■ **STORED DATA**
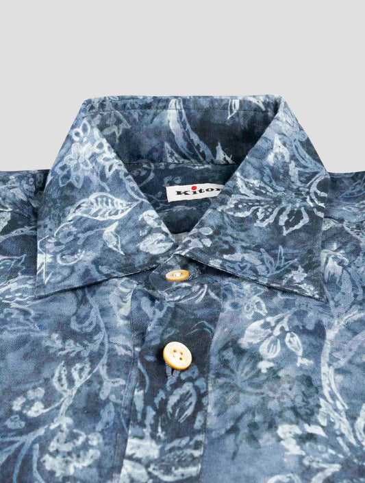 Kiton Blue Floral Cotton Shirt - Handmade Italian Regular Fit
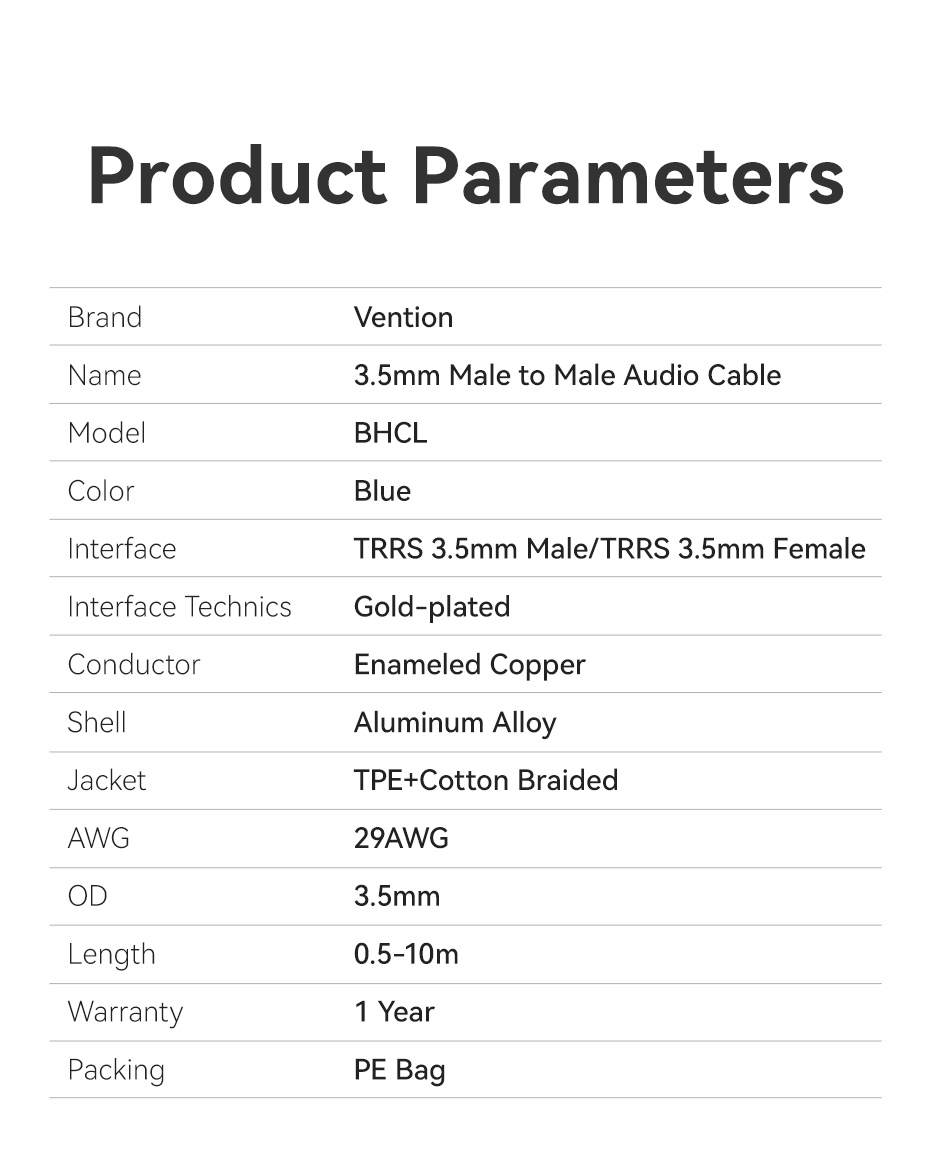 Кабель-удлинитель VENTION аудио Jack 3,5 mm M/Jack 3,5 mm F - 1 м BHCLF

==

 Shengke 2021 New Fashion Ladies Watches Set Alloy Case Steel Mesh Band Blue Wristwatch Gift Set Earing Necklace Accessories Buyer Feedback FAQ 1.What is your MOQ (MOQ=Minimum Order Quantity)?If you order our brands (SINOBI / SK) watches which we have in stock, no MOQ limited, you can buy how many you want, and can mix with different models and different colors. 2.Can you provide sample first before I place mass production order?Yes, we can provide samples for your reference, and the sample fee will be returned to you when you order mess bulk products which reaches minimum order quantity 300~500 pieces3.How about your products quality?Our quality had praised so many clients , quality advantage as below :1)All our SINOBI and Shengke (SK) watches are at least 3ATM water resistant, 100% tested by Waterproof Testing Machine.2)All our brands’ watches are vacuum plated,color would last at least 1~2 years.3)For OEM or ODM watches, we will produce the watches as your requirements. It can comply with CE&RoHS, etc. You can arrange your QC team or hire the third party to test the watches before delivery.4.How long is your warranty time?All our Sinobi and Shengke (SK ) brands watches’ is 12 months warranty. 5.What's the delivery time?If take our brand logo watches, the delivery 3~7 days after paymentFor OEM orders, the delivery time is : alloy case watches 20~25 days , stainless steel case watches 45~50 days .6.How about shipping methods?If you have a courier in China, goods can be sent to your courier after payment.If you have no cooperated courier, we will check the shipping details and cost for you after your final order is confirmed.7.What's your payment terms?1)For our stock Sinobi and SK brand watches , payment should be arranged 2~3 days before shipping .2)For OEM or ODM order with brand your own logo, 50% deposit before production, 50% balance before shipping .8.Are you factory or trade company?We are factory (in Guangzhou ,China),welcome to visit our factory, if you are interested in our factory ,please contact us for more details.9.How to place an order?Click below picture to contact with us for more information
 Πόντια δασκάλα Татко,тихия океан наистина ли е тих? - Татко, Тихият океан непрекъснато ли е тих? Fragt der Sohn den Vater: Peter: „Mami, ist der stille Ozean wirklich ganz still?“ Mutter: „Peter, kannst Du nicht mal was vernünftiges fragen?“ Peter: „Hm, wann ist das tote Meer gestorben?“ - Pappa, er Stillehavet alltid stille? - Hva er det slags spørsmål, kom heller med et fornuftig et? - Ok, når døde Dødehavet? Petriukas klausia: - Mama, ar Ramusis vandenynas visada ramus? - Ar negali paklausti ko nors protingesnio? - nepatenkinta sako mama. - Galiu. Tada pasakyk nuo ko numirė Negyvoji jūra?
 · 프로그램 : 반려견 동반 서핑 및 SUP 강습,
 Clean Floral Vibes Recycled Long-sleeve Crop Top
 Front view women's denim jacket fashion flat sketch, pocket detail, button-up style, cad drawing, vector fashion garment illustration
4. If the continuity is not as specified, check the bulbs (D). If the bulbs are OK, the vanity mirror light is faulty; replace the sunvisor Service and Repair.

■ **TASK BRIEF**
Look through the data above and return exactly the lines from the one that contains "Front view women's" to the one that contains "4. If the continuity", inclusive, with nothing else.

■ **SOLVED EXERCISE**
 Front view women's denim jacket fashion flat sketch, pocket detail, button-up style, cad drawing, vector fashion garment illustration
4. If the continuity is not as specified, check the bulbs (D). If the bulbs are OK, the vanity mirror light is faulty; replace the sunvisor Service and Repair.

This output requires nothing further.